The Builder-Parent Paradox
What it feels like to build AI systems while raising the humans who will inherit them.
TL;DR: I work inside AI every day and I have two kids. I call this the Builder-Parent Paradox: I am one of the people best positioned to protect them precisely because I help build it, and I still do not know enough to confidently say what the future will look like. Inside access gives me responsibility, not certainty. Here is how I study the machine while using it, what I am betting on, and what I refuse to write.
I spend a lot of time inside AI systems.
Not casually.
For the last several years, I’ve worked at the edge of AI product development, ethical AI, and AI-assisted building.

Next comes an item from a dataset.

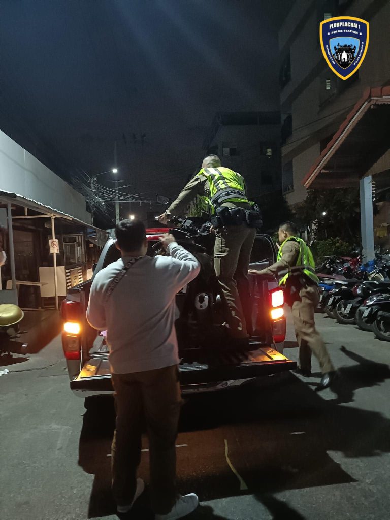 พบเป็นรถจยย.ยางแตก ไม่สามารถเดินทางต่อไปได้ สอบถามได้ความว่า จะกลับที่พักที่ซอยรามคำแหง 81 จึงได้ทำการช่วยเหลือนำรถจยย.ขึ้นบรรทุกที่ท้ายกระบะรถยนต์สายตรวจ นำส่งที่พักต่อไป

I manage AI products alongside brilliant researchers, engineers, and compliance leads, so I see the full product chain up close: research decisions, engineering tradeoffs, ethical tradeoffs, and security risks. The product choices that tell you what a company thinks people are for.
I build indie products on the side.
I’ve read every frontier model release note since 2022. Four years of it. OpenAI, Anthropic, Google, Meta, Mistral, DeepSeek, xAI, Perplexity, Qwen, the long tail.
And I also have two children.
Some nights I kiss them good night and I don’t know whether the world I’m helping build will let them have a job, a craft, a sense of slow attention, or the kind of boredom that turned me into an ambitious adult.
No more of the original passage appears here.